Her mother sat in one of the pink-and-white-striped chairs positioned in front of the fireplace. “Please sit? We’re long overdue for a chat.”
Selena kicked off her heels and blissfully let her feet sink into the thick nap of the rug before settling into the other chair. She knew it was going to be impossible to avoid this conversation tonight. Besides, she was already feeling as if someone had wrung her out like a dishrag. Why not let her mother have a go?
“I know we’ve had our differences lately, darling.” Annaline folded her hands primly in her lap.
Selena noted that her mother was wearing a soft jersey sweat suit instead of her usual chic attire. Not that the black-and-white creation was anything other than designer, but it was casual for her mother’s usual tastes.
“I never wanted you to go back to Jackson. I know you and your sister both believe that I did.” Her mother held up a hand to say she wasn’t through. “I know I gave you fits about the divorce, but I was sick and tired of letting that man take advantage of an embarrassing situation he’d created to begin with. He humiliated our family, and you in particular.”
Funny, but that little dig didn’t sting anymore. The socially catastrophic wedding that had consumed her thoughts for months now seemed no more than a blip on her timeline. Meeting Demon and Malachi had utterly changed how she defined concepts like important, pride, and disgrace.
“Seth and Josh had to blackmail him, you know.” The words just popped out. Selena wasn’t sure if her mother knew
exactly what had happened that night at Asylum.
“I know. Seth told me.” Her mother’s expression hardened. “I find it extremely gratifying that Jackson was brought to his knees by the one woman who turned him down flat at the reception.”
“Suri is a hard-ass.” Selena could give praise where it was due, even if it was grudgingly.
“Something happened to you that night though, darling. You’ve been running around like some frat-house groupie during rush week. It worries me.”

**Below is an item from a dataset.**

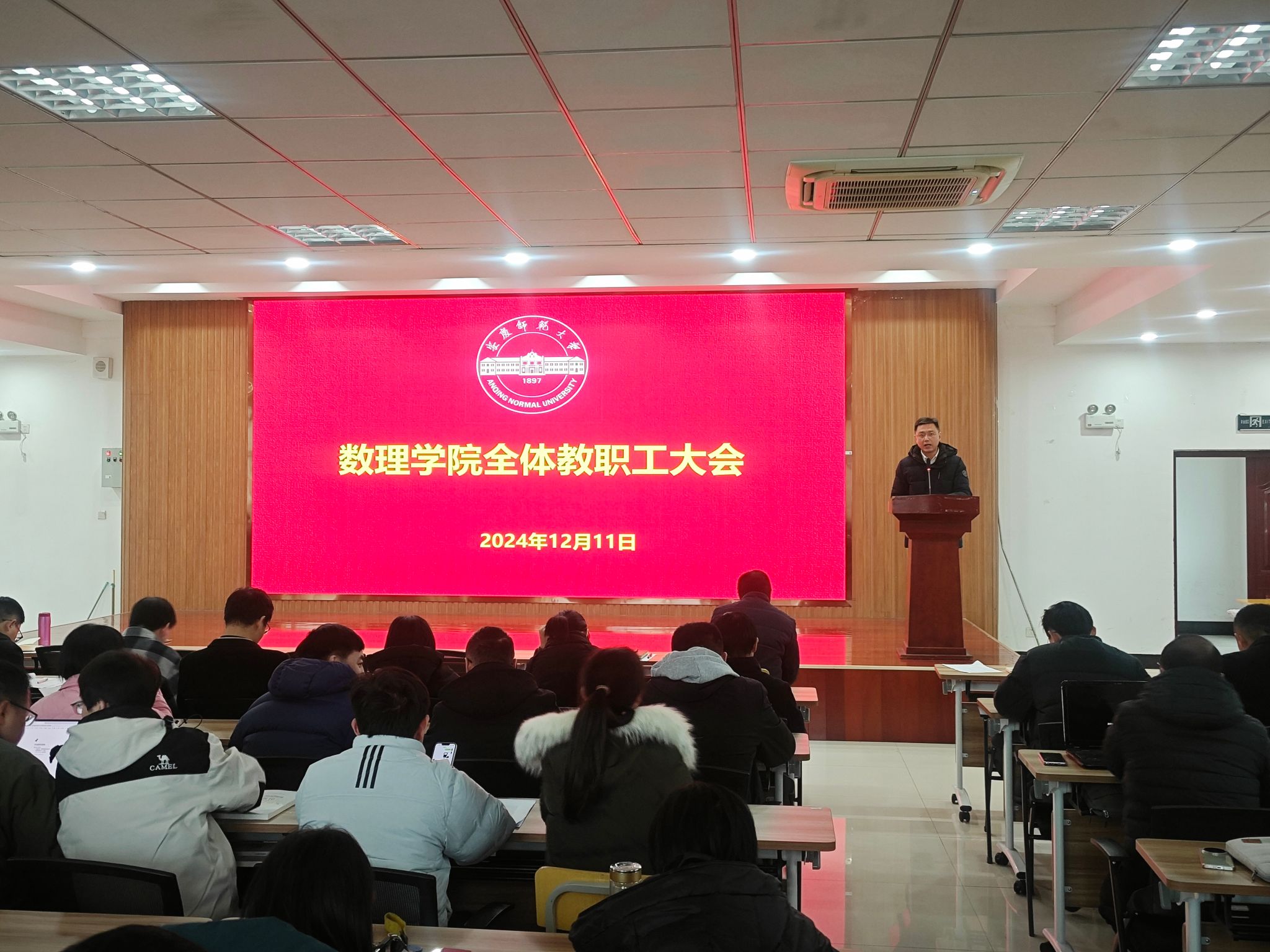 12月11日下午,数理学院在I楼401报告厅召开全体教职工大会开展政治学习与学期期末阶段工作布置。数理公司党委书记陆健、经理张海、副经理易明芳、党委副书记彭芳珍及全体教职工参加会议。会议由陆健主持。

Selena marveled at how quickly perspectives could change. How long had it been since she’d met Malachi and Demon for the first time? How long since they had rescued her from Jackson’s wrath? How long since she’d been trapped against her will in the stocks? The woman who’d walked into Triptych that first night, and the one who had walked out a few hours ago weren’t the same. Hell, they weren’t even the same species.
“Selena, what happened?”
What had happened? “I think I fell in love.”
Her mother sat back in her chair and thoughtfully pursed her lips. “Falling in love isn’t the tough part, darling. It’s the staying in love that kills you.”

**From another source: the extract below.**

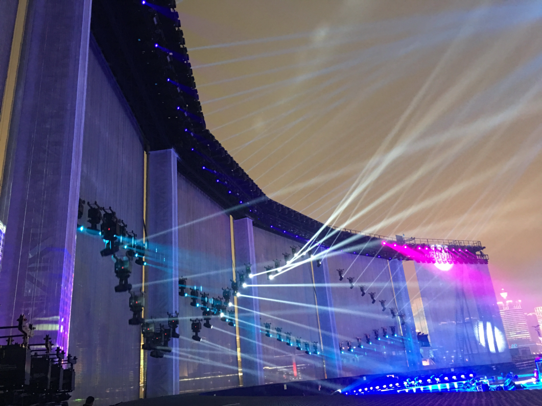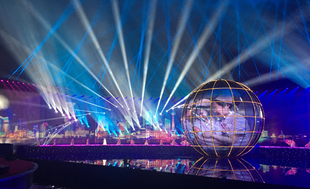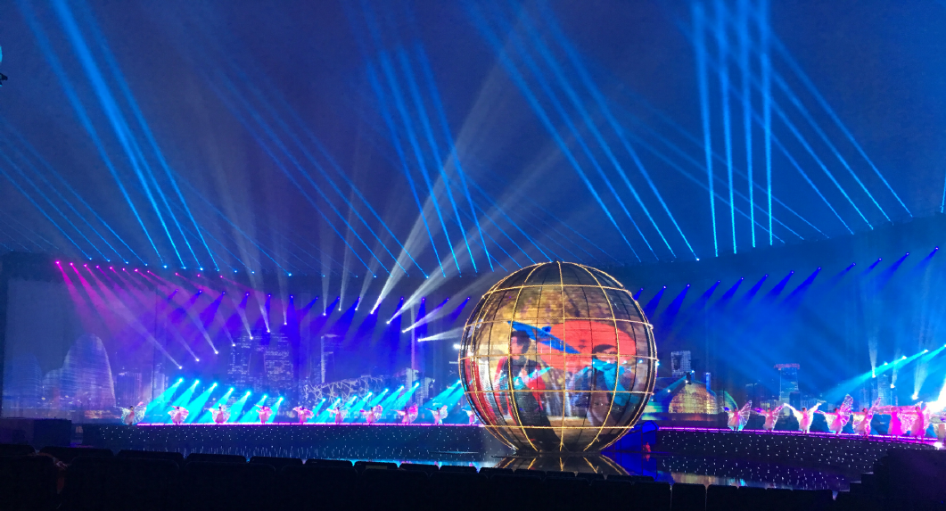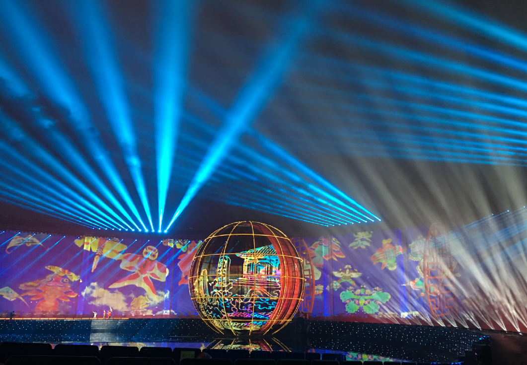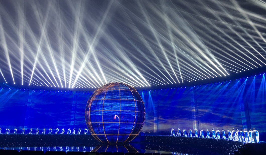 ? ? ? 特別在本次燈光焰火演出中,浩洋電子的飛燈系統(tǒng)依然成為了一大亮點(diǎn),與眾不同的是,浩洋飛燈系統(tǒng)打破了“燈位不動,只有光在運(yùn)動”的限制,讓電腦燈本身也運(yùn)動起來,自由翱翔,實(shí)現(xiàn)從“光的運(yùn)動”到“運(yùn)動的光”著巨大的轉(zhuǎn)變。浩洋飛燈系統(tǒng)的研發(fā)是與2016年9月杭州G20峰會文藝演出《最憶是杭州》息息相關(guān),當(dāng)時(shí)的總制作人著名燈光設(shè)計(jì)沙曉嵐提出“舞蹈演員吊掛著威亞,從外湖飛入西湖演出舞臺”的設(shè)想,與合作方浩洋電子進(jìn)行了大量的研發(fā)試驗(yàn),但由于西湖的地理位置限制,這個創(chuàng)意未能實(shí)現(xiàn),研發(fā)的成果也保留了下來,最終在2017年的央視春晚桂林分會場實(shí)現(xiàn)了浩洋飛燈系統(tǒng)的全球首秀。在本次上海合作組織青島峰會燈光焰火藝術(shù)表演中,浩洋飛燈系統(tǒng)以創(chuàng)新科技化燈光震撼獻(xiàn)力國家重要演出活動,勾勒出一幅科技燈光與文化相融合的視覺美景。

Coming from a woman who’d been married five times, Selena thought it was probably very true. “Did you stay in love with any of them?” she finally asked.
“Your father.” Her mother’s face grew so soft Selena could barely see the social powerhouse she’d grown up trying to emulate. “He gave me all three of you children and over twenty years of joy. Watching him die ripped my heart out, but I was never sorry for one second. I’d do it all over again if it meant I got to spend time with him.”
“How did you know he was the one?” Selena tried to reconcile the idea of her parents as young lovers. She’d only seen the couple that had dominated Boston’s social scene. “And if you know what real love feels like, why go through four total failures?”
Her mother’s eyes flashed briefly, and Selena braced for impact. Then surprisingly, the storm receded and her mother exhaled a sigh. “I told you, it’s easy to fall in love. The difference with your father was that I wanted forever with him.” She stared out the window as if recalling every second they’d had together. “After that—it’s exciting to fall in love, but I just don’t feel like putting forth the effort it takes to make things last.”